Every year, around this time, I get what I call the “holiday blues”. I’m not sure what triggers it, but I can count on it like clockwork. I get depressed and weepy, and really just want to lock myself in the bedroom and stay under the covers. Every year I tell myself, I’m going to beat the blues this time. I decorate, bake, put on the Macy’s Thanksgiving parade, play Christmas music, make Zoë do some crazy crafts, mail Christmas cards, you name it. I’ve done it all. I do a shoebox for Operation Christmas Child, support the Angel Tree, try to visit and help people. None of this really helps. At the end of the day, I’m still depressed. Usually, the only thing that can break through is watching Zoë enjoy the magic and spirit of Christmas. I can always count on that! (I hope that Zoë never feels blue around the holidays!)

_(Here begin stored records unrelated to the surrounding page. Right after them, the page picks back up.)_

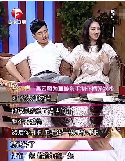董璇拍戏时很想吃榴莲冰沙,他就大汗淋漓地跑遍横店,买冰棍给她自制冰沙。
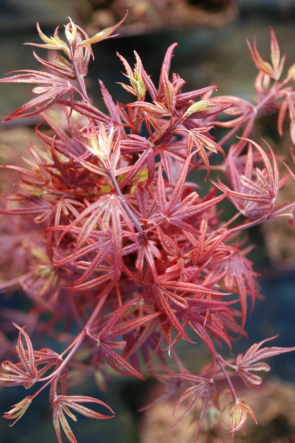 véritable feu de l’automne, la variété ‘shaina’ est un arbuste à port étalé. Son feuillage rouge au printemps lorsqu’il débourre se teinte de reflets mauves, violets et bruns en été et termine rouge carmin en automne. Il présente dès l’automne de nouvelles pousses rouges orangées. Les lobes de ses feuilles sont pointus et découpés jusqu’à la moitié du limbe : de loin, on dirait un arbre à origamis !
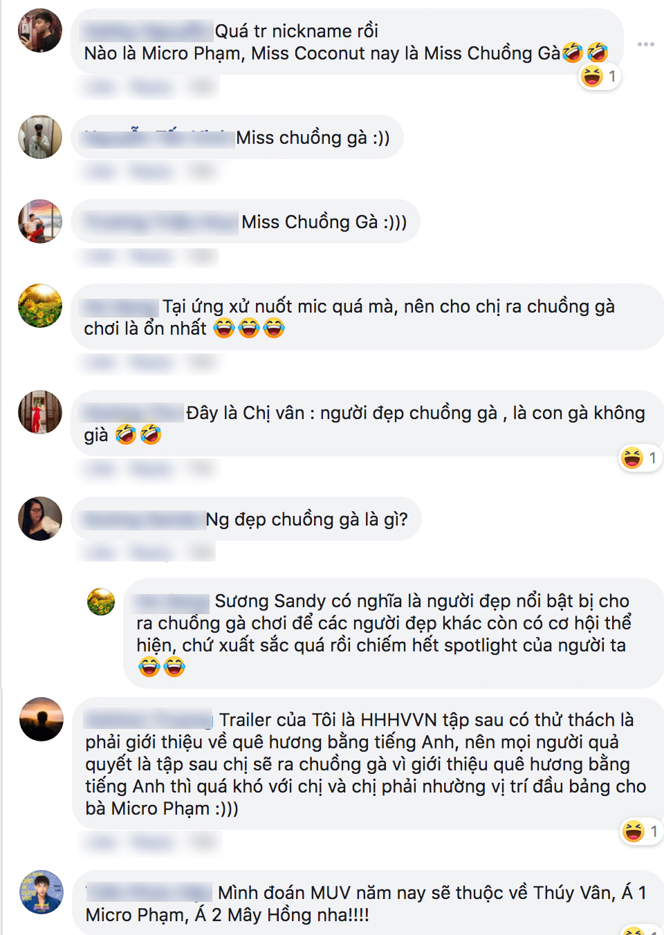 Fan của Thúy Vân lý giải: “Miss chuồng gà nghĩa là thí sinh nổi bật nhưng bị cho ra chuồng gà ngồi chơi để các người đẹp khác còn có cơ hội thể hiện bản thân”.
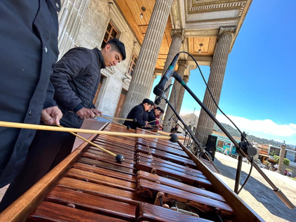 En el frontispicio del Teatro Municipal de Quetzaltenango, se desarrolló el concierto de marimba, a cargo de la marimba de concierto de la municipalidad de Quetzaltenango, por su 128 aniversario, iniciando con una alborada acompañada de mariachis.

I think it stems from awful holidays past. My body is conditioned to prepare itself for disappointment. I’m sure this year will be no different, probably worse, since I can’t seem to get myself organized and ready. I feel like I’ve done nothing. Usually, by now, I’ve at least gotten a little Christmas shopping done and taken advantage of early deals. Nothing. I didn’t even put up my Thanksgiving decorations! I usually go all out. I still have Halloween stuff that hasn’t been put away. Add to that, Dan is still looking for work and money is quickly dwindling.
Tomorrow is Thanksgiving Day. I really love my in-laws, so I know dinner will be fine. But, something will happen, it always does. They sometimes forget to include me on email messages and rely on Dan to tell me. Now that they have moved their conversations to Facebook, I never know what is going on. I’m still not completely sure what’s supposed to happen tomorrow. I think I’m supposed to bring sweet potato casserole. I’m taking bets on getting there and finding out I was supposed to bring something else. I don’t even know what time we are supposed to be there!
This year we will also be traveling to Richmond to see my family. That’s just a hot bed of potential drama. I am looking forward to seeing my family and staying with my cousins. I really want Zoë to be connected and involved with them, especially since I never was in the past. There is a huge divide between my immediate family and my extended family. Makes visiting a little stressful.